For an explanation and examples of mean, median and mode, see keithpeterb, Mean, Mode and Median from Frequency Tables (7:06).

### Guidance

The students in a statistics class were asked to report the number of children that live in their house (including brothers and sisters temporarily away at college). The data are recorded below:

1, 3, 4, 3, 1, 2, 2, 2, 1, 2, 2, 3, 4, 5, 1, 2, 3, 2, 1, 2, 3, 6

Once data are collected, it is useful to summarize the data set by identifying a value around which the data are centered. Three commonly used measures of center are the mode, the median, and the mean.

**Mode**

The *mode* is defined as the most frequently occurring number in a data set. The mode is most useful in situations that involve categorical (qualitative) data that are measured at the nominal level. In the last chapter, we referred to the data with the Galapagos tortoises and noted that the variable 'Climate Type' was such a measurement.
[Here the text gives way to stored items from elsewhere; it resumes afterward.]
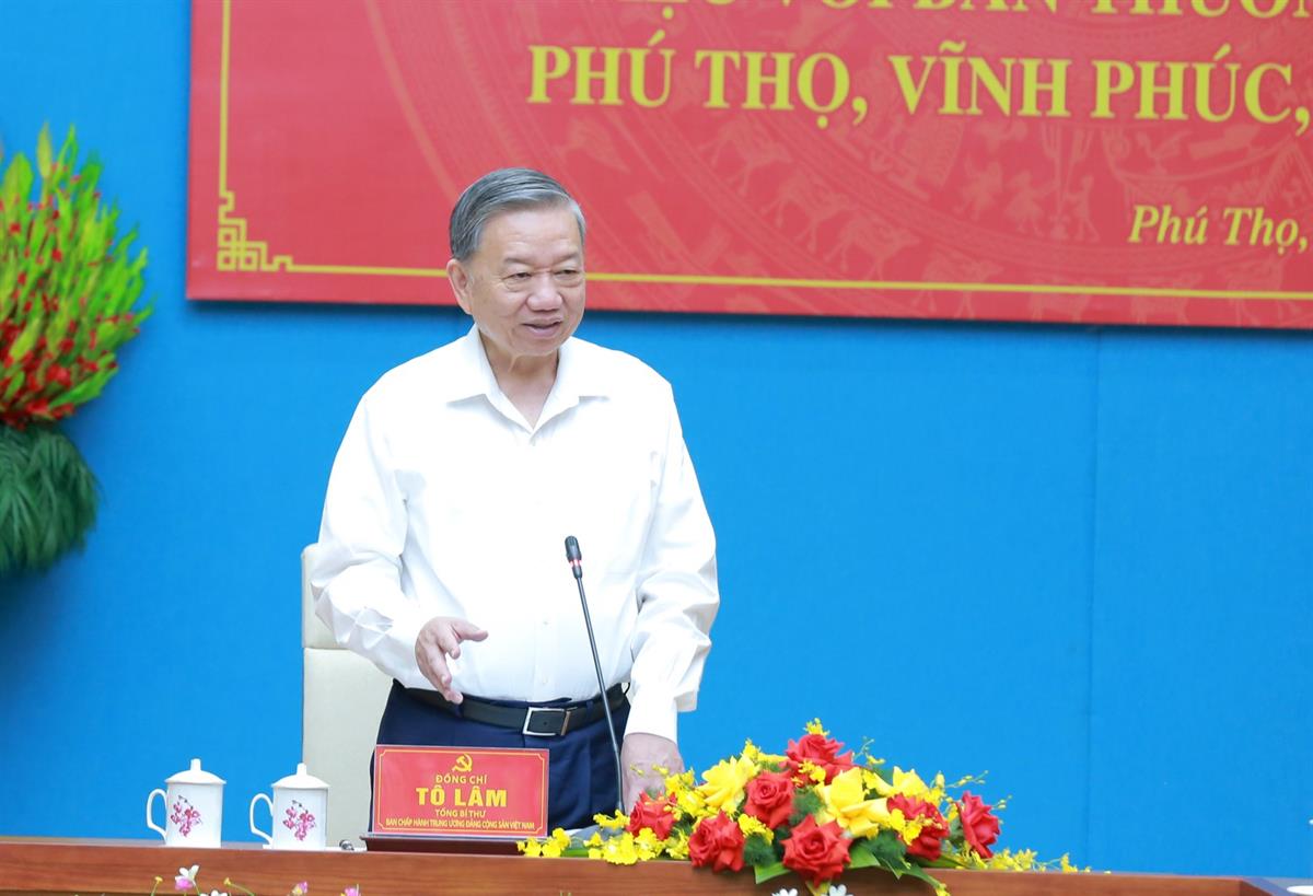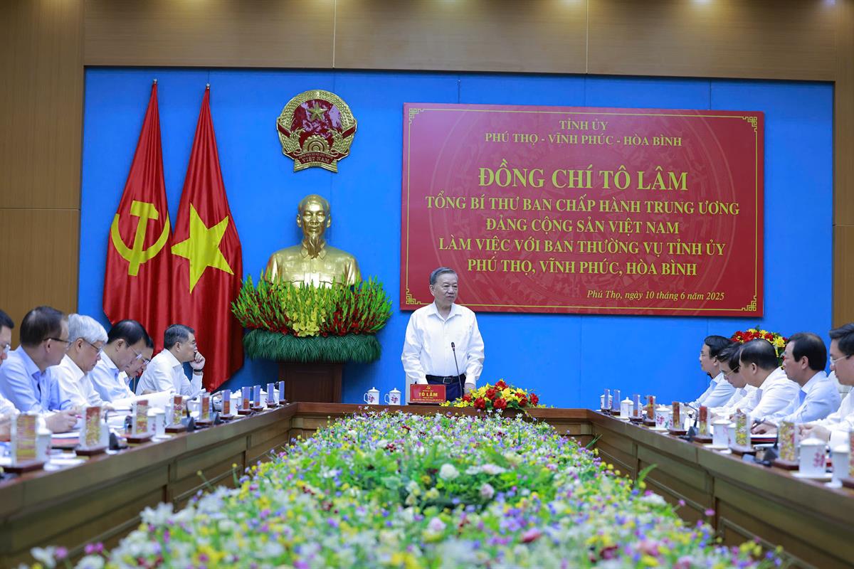 Toàn văn phát biểu của Tổng Bí thư Tô Lâm tại buổi làm việc với Tỉnh ủy Phú Thọ, Vĩnh Phúc, Hòa Bình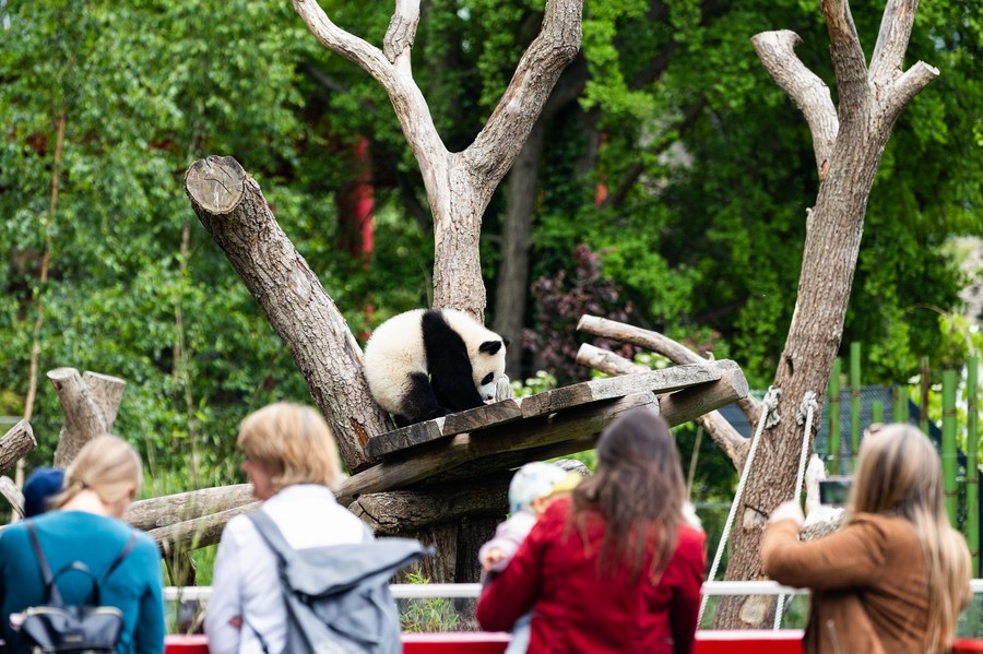Visitors look at a giant panda cub at Zoo Berlin in Berlin, capital of Germany, May 28, 2020. (Photo by Binh Truong/Xinhua)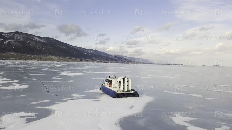 Транспорт на самолете по замерзшему Байкальскому озеру в Сибири, Россия.Воздушный вид живописного зимнего пейзажа с высокими горами, замороженным озером и синим облачным небом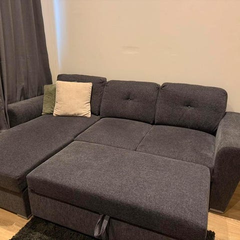 Marslev bäddsoffa från Jysk med förvaringsutrymme i schäslondelen. Har några år på nacken och är i således använt skick. En fläck på divandelen som säkert går att få bort.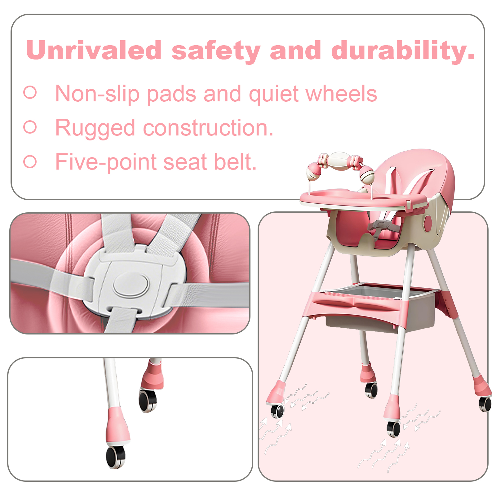 ★ 108/09/2022This is perfect!I love the chair!!! it’s easy to clean and sturdy ! my baby moves a lot, so i needed something secure for her that she could not get out of and this does it! and the highchair can make the legs go back to be able to put it up.Samantha
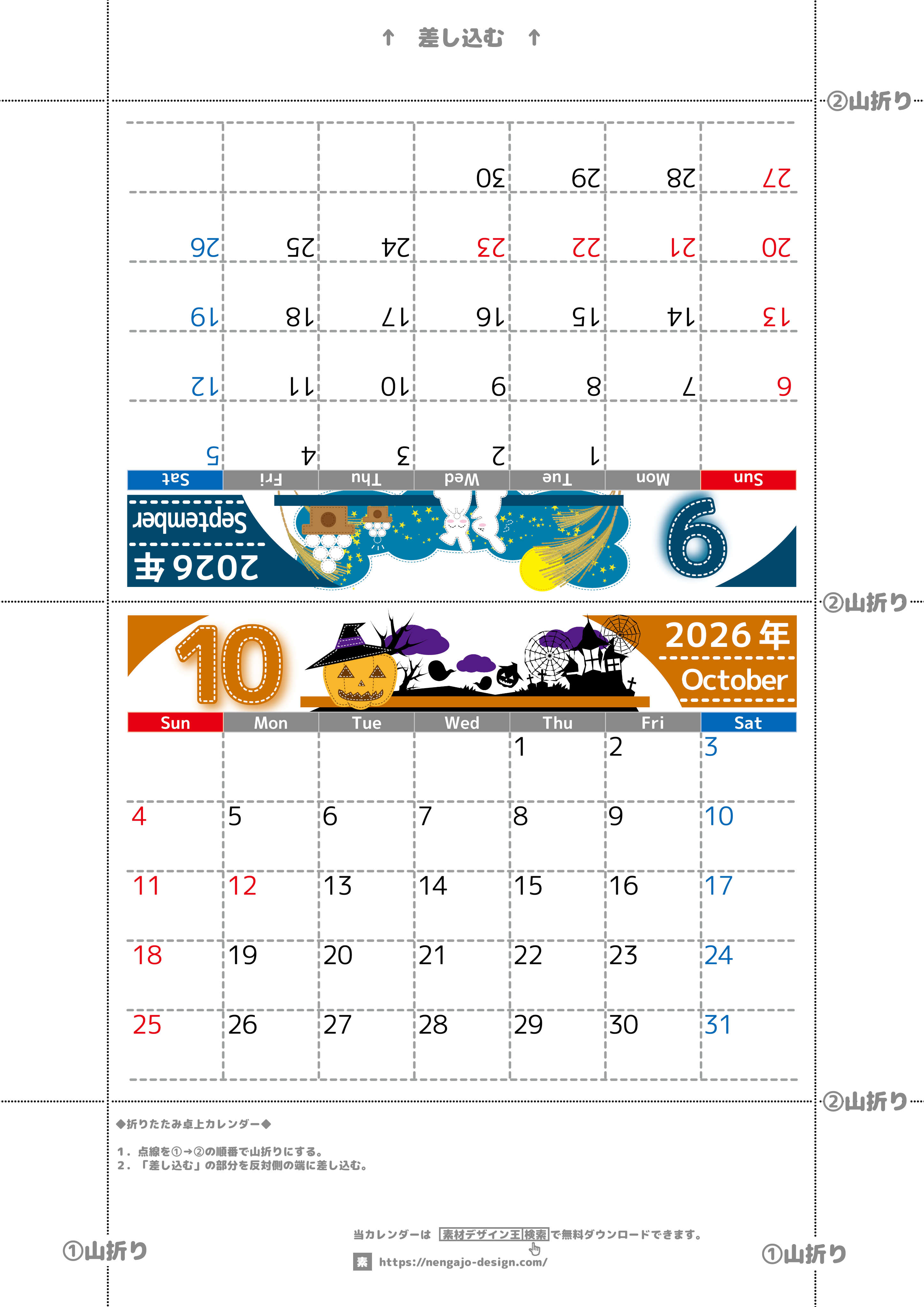2026年・無料のカレンダーテンプレート 2026年の卓上カレンダー(9月・10月)は日曜始まり♪ポップで文字も大きめで見やすい♪無料でA4プリント♪(2026-002309-1030) 素材状デザイン王 2025年4月14日 2026年の卓上カレンダー(9月・10月)は日曜始まりです。ポップなだけでなく文字も大きめなので卓上サイズでコンパクトですが見やすいです。無料ダウンロードしてプリント利用をしましょう。(2026-002309-1030) ポップ カレンダーデザイン-0023 9月 10月 パッチワーク 日曜始まり 卓上

For this example, the mode is the value 'humid'.

#### Example A

*Find the mode for the number of children per house in the data set at the beginning of the Concept.*

**Solution:**

In this case, 2 is the mode, as it is the most frequently occurring number of children in the sample, telling us that most students in the class come from families where there are 2 children.

In this example, the mode could be a useful statistic that would tell us something about the families of statistics students in our school.

**More Than One Mode**

If there were seven 3-child households and seven 2-child households, we would say the data set has two modes. In other words, the data would be *bimodal*. When a data set is described as being bimodal, it is clustered about two different modes. Technically, if there were more than two, they would all be the mode. However, the more of them there are, the more trivial the mode becomes. In these cases, we would most likely search for a different statistic to describe the center of such data.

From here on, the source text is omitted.